**Task goal**
Copy each line, word for word, from the one with "Faire Un Tatouage" through the final line of the listing, but skip the pictures.

**Provided material**
────────────────────────────────────────

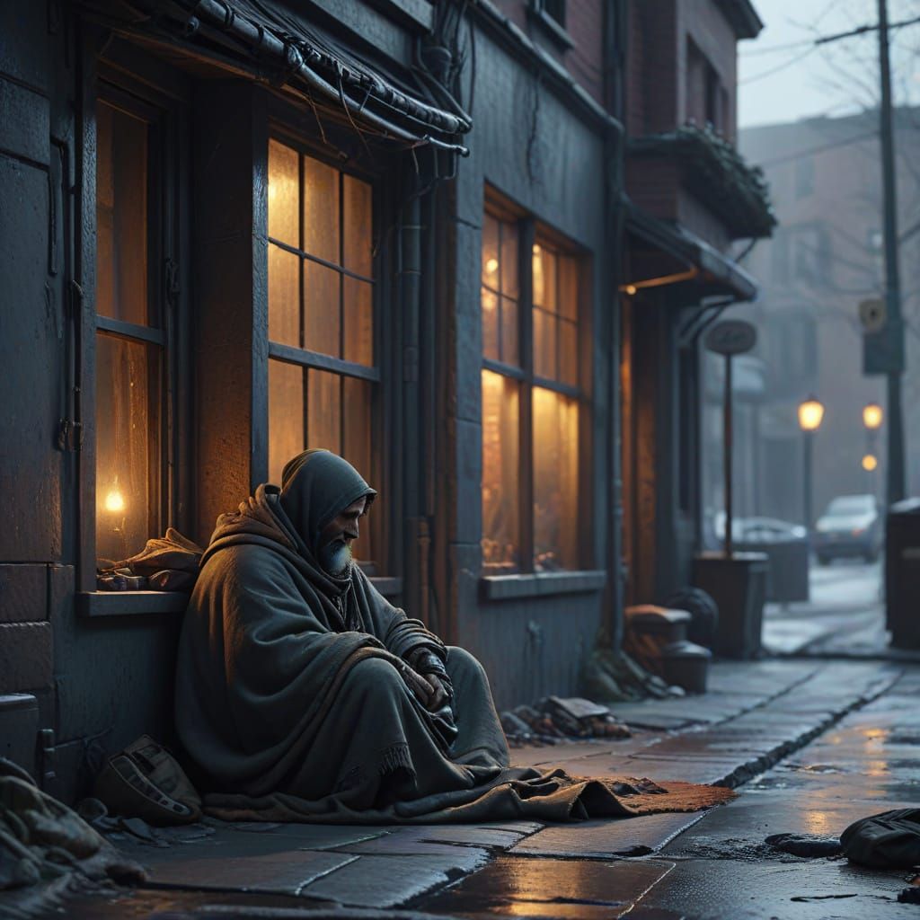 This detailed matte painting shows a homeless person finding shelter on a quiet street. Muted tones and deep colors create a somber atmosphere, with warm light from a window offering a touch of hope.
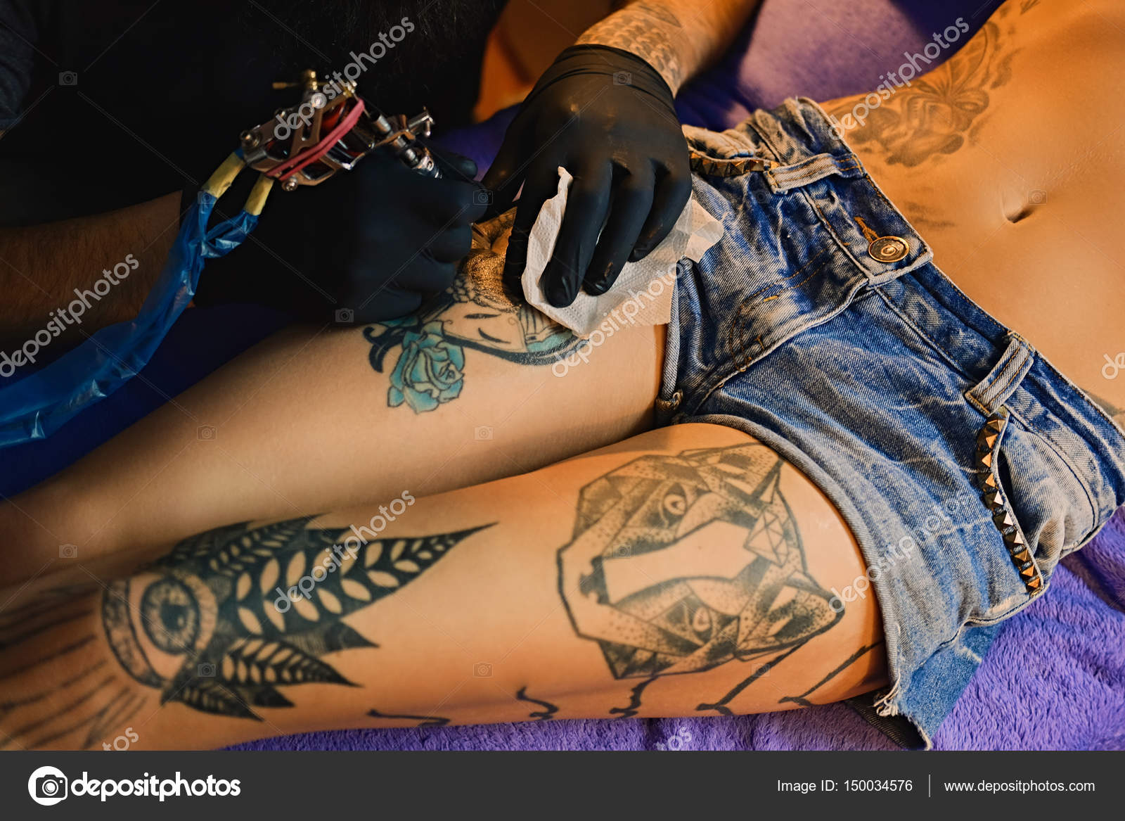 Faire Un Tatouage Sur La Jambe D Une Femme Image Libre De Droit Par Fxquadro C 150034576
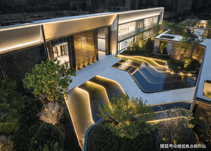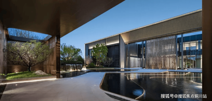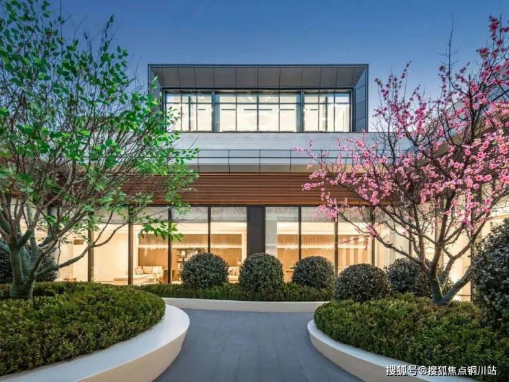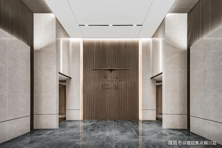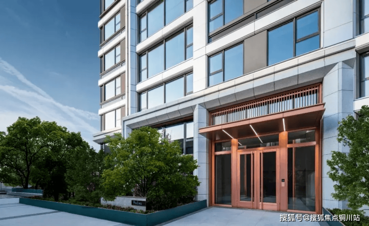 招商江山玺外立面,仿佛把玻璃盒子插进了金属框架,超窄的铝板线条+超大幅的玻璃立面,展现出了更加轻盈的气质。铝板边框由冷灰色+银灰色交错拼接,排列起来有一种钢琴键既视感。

────────────────────────────────────────

**Exercise result**
 Faire Un Tatouage Sur La Jambe D Une Femme Image Libre De Droit Par Fxquadro C 150034576
 招商江山玺外立面,仿佛把玻璃盒子插进了金属框架,超窄的铝板线条+超大幅的玻璃立面,展现出了更加轻盈的气质。铝板边框由冷灰色+银灰色交错拼接,排列起来有一种钢琴键既视感。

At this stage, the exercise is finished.